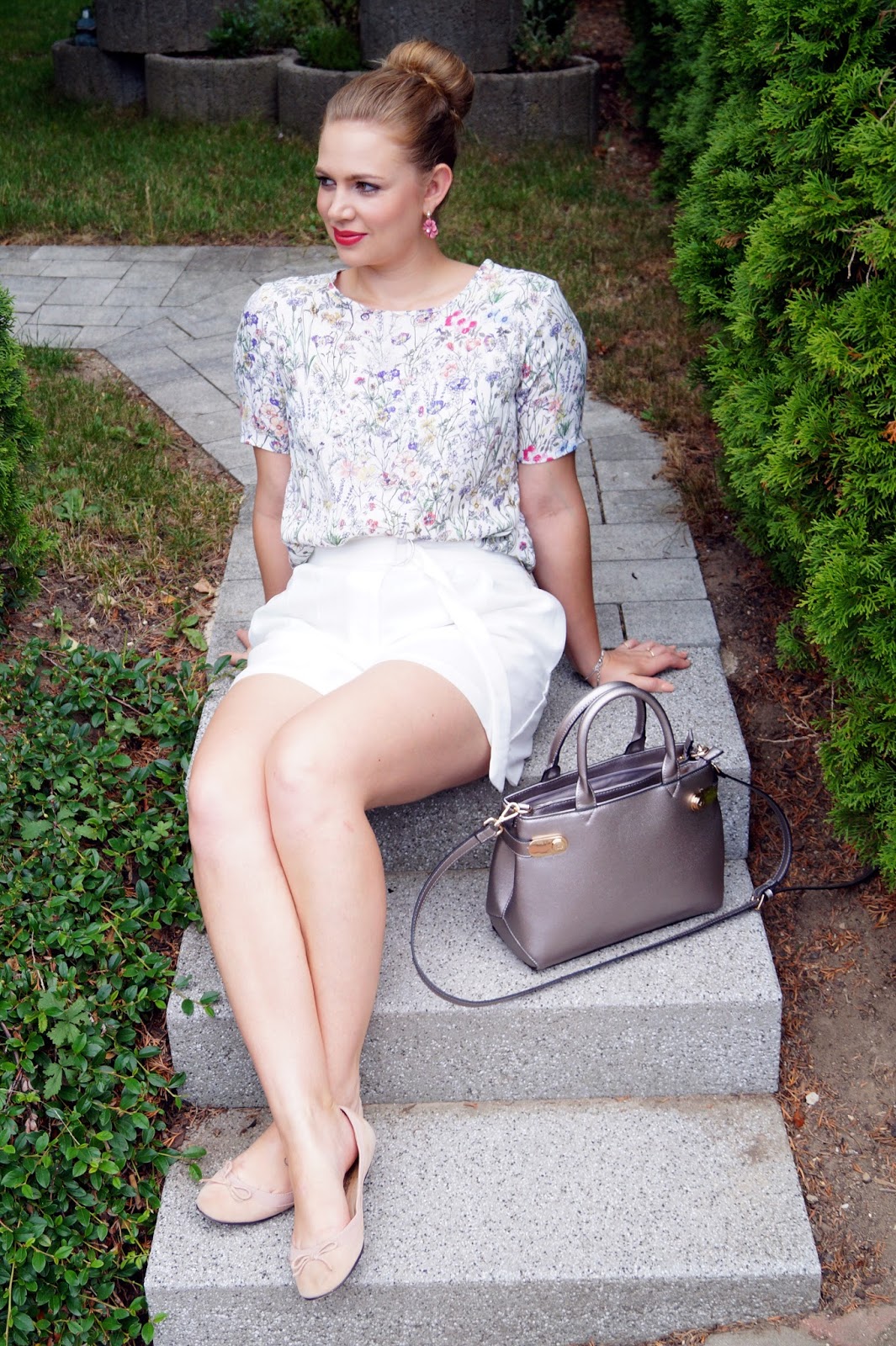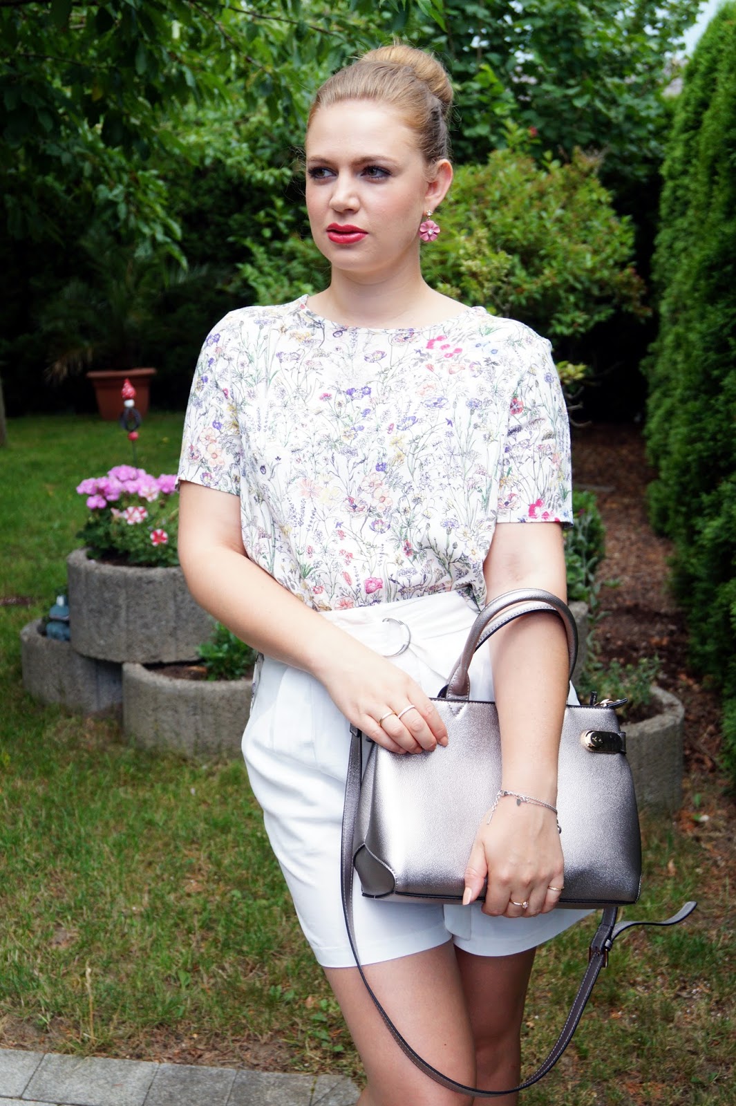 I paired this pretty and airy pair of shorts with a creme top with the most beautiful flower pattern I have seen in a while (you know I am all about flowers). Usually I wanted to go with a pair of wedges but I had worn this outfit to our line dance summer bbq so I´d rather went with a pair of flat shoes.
==
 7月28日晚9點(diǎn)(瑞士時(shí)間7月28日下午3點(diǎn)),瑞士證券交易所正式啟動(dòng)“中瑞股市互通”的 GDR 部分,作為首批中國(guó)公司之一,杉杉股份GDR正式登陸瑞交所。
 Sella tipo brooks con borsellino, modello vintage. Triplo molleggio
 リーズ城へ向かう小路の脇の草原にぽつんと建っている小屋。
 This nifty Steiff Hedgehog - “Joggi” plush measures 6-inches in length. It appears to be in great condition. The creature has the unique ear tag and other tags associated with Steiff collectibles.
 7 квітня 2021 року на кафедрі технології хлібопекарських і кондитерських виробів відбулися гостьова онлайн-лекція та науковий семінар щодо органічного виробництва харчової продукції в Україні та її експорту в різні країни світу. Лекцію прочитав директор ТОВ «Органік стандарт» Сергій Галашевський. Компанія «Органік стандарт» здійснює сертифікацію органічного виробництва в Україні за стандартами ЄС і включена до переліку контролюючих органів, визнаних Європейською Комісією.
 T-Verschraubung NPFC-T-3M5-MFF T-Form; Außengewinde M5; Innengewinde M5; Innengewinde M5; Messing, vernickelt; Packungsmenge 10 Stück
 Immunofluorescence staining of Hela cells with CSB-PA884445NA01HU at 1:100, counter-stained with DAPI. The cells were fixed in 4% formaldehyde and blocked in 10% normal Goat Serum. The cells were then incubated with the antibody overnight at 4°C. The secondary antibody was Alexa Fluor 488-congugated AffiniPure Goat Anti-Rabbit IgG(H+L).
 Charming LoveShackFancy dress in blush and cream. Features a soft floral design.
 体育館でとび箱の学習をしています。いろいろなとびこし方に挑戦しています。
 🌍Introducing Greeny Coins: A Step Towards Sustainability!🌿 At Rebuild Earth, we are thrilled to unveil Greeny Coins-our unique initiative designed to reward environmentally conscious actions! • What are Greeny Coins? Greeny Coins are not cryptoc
--
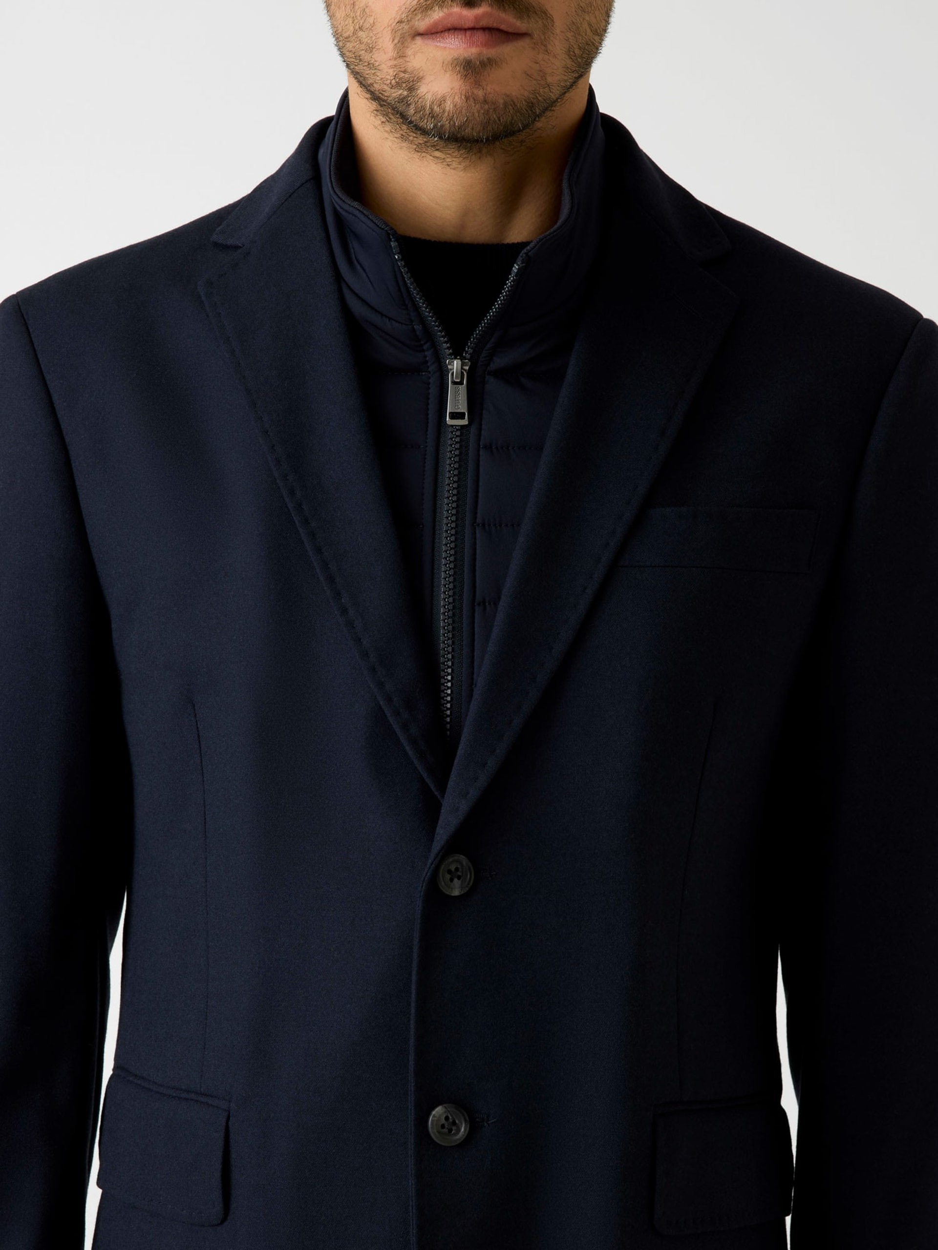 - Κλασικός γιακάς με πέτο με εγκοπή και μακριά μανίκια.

# EXERCISE INSTRUCTIONS
Collect each line above holding the string "unique".

# COMPLETED TASK
 This nifty Steiff Hedgehog - “Joggi” plush measures 6-inches in length. It appears to be in great condition. The creature has the unique ear tag and other tags associated with Steiff collectibles.
 🌍Introducing Greeny Coins: A Step Towards Sustainability!🌿 At Rebuild Earth, we are thrilled to unveil Greeny Coins-our unique initiative designed to reward environmentally conscious actions! • What are Greeny Coins? Greeny Coins are not cryptoc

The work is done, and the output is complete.